September 1, 2009

The Trouble With TICs


Fall 2009

Star Trek fans understand the attraction of and the trouble with Tribbles. Co-owners in tenancies-in-common (TICs) are learning a similar lesson with TICs. While TICs are attractive ownership and investment structures for real property, the current economic climate has exposed fundamental areas of concern: The benefits of IRC Section 1031 exchanges also attract a broader range of co-owners, and their investment interests often focus on the tax benefits of the exchange, without sufficient consideration being given to the business aspects of the investment. Careful drafting of the investment documents and selection of the right product can address and minimize these concerns. This article discusses the issues of clarity of vision, decision making, and dispute resolution.

Managers and owners of businesses and owners of property understand the need for clarity of vision. Without clarity and unity, decisions about real property — its use and its development — are often delayed or forced, and inaction and political solutions impair value and limit the achievement of expected or maximum returns. This in turn fosters disputes. For example, does the vision include the further development of the property, additional investment of funds for tenant improvements, the requirement for refinancing, or the need for additional funds to refinance loans or carry the property for a time? Are all the investors prepared to make additional contributions? Or are the investors not in a position to contribute the additional funds needed by the TIC? The blending of spirited entrepreneurs with retirees focused on fixed-income asset preservation is not a good mix. The key is to identify the business objectives and needs of the TIC investment and accept only those co-owners who accept and are prepared to meet those criteria.

The requirement for unanimous decision making may work in very small, closely held entities, but it is always a red flag. TICs generally provide for management of the real property because co-owners' activities must be limited to those customarily performed in connection with the maintenance and repair of rental real property, but the TIC criteria, i.e., Rev. Proc. 2002-22, requires that co-owners must participate in certain decisions. For example, co-owners must retain the right to approve leases, the hiring of any manager, the sale or disposition of the property, and the creation or modification of blanket liens. Approval must be unanimous. Other decisions require approval by more than 50 percent of the ownership interests. For 35 investors with varying levels of fractional ownership, these approval requirements may be difficult to achieve. As a result, qualifying a TIC for IRC Section 1031 exchange treatment means that the management structure requires cooperation among the co-owners, who may be geographically dispersed and have differing interests and financial capacity. To address these concerns, TIC owners may enter into limited scope co-ownership agreements that address a number of issues, such as transfer, partition, encumbering interests in the property, and voting, and that provide for rights of first refusal.

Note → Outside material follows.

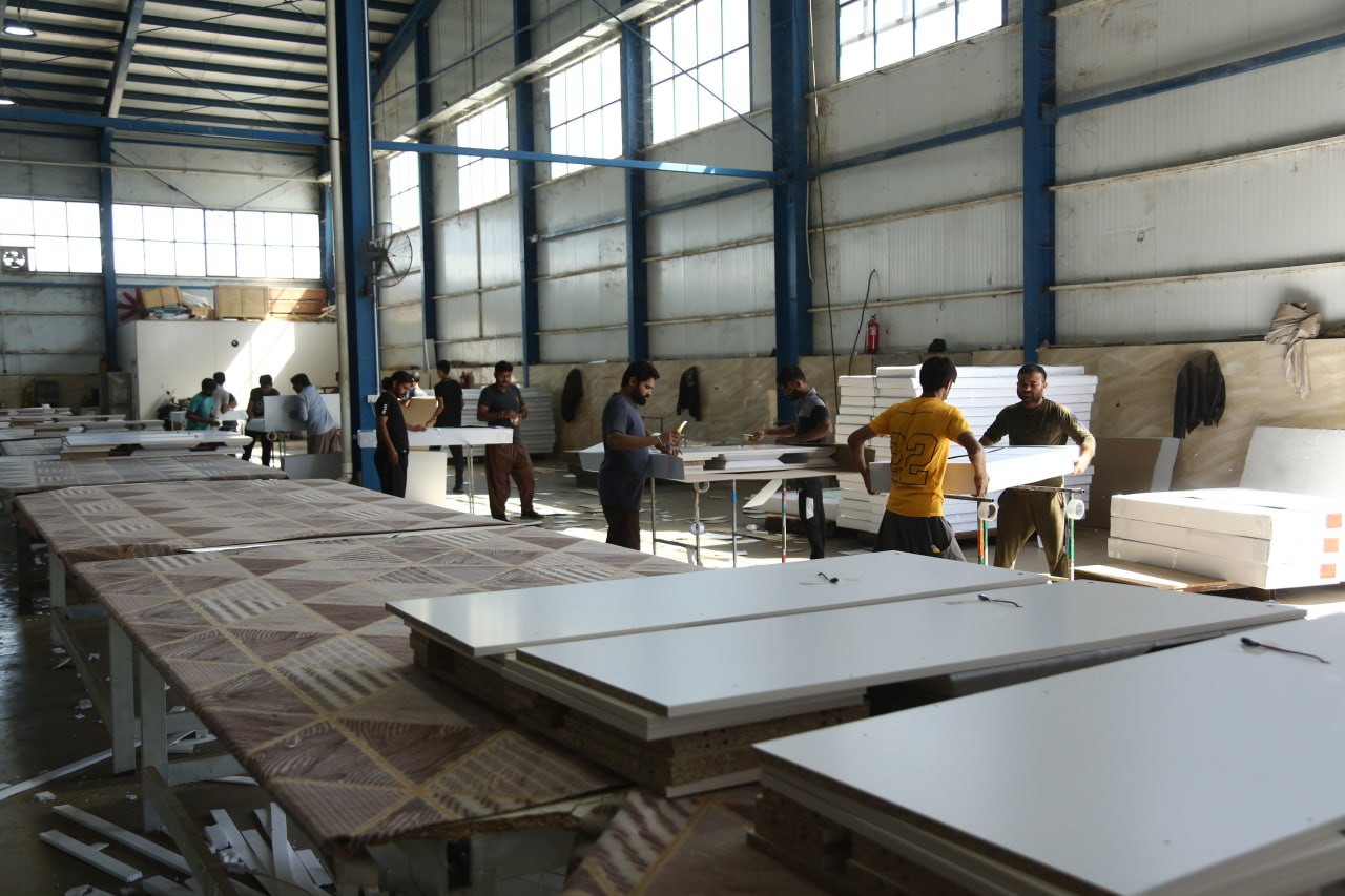 وقال المعاون التقني الدكتور "حسن ابراهيم حسن" في حديثه لوكالة نون الخبرية ان" المشروع مكون من عشر مصانع منها (5) تعمل حاليا ثلاثة منها تنتج غرف النوم، وخط لانتاج الابواب، وخط مكبس خاص بكبس الخشب، تعنى بالتعامل مع الخشب والاثاث وتنقسم الى مصانع منها لانتاج الاثاث المنزلي مثل غرف النوم، واخرى لانتاج الاثاث المكتبي الذي يتضمن المكتب والطاولة والرف وواجهة العرض "الفاترينة"، ولدينا (5) مصانع اخرى تم الشروع بالعمل فيها ضمن خطط مستقبلية لاكمال سلسلة المصانع لانتاج انواع اخرى من الاثاث"، مشيرا بالقول ان الخطوط الخمسة الاخرى تضم انتاج الاثاث المعدني المنزلي، وكذلك انتاج الاثاث المدرسي الخاص بالمقاعد الدراسية "الرحلات"، والكراسي، وستوفر مصانع ساندة توفر المواد الاولية وتقلل من الاستيراد، وتضمن توفير انواع كثيرة من المواد الاولية ونتحكم بتصنيعها دون التقيد بانواع يفرضها السوق العالمي او المحلي ما يمنحنا فرصة الاعتماد على التصاميم والصناعات النهائية الخاصة بنا".

Disputes among TIC co-owners may quickly escalate into allegations of misrepresentation, breach of contract, breach of fiduciary duties, and failure to mitigate damages, resulting in refusal to cooperate in the economic operation of the property. From the entity perspective, the co-owner who refuses to take actions that are necessary to the continuing management and economic viability of the project is a critical concern. One recalcitrant co-owner can destroy a TIC. If the differing visions or financial capabilities preclude a solution, the concerns may be insurmountable. But even then, the last venue for resolution should be the courts and litigation. While the courts will provide final resolution, they are unlikely to provide the best economic solution. Some alternatives include drafting the documents to include restrictions that are consistent with what a customary lender requires, as noted above, and to limit contractually the right to contest or seek remedies or enforce individual rights against other co-owners without the consent of secured loan lenders. Mandatory mediation and the requirement to seek expert advice on the best investment solutions are suggested provisions.

TICs continue to be a favorable investment structure and are critical to preserving wealth through 1031 exchanges. But the trouble with TICs is that they are so inviting and favorable from a tax perspective that critical business criteria are often overlooked or minimized. Investors in TICs should carefully consider and evaluate the traditional business considerations and risks associated with the ownership of real property and seek a clear statement of the investment vision, management structure, and dispute resolution process. With TICs, litigation will rarely yield a financially acceptable solution, so look for a TIC that incorporates a process that in the event of disagreement promotes sound business decisions that are in line with your investment objectives and the risks involved.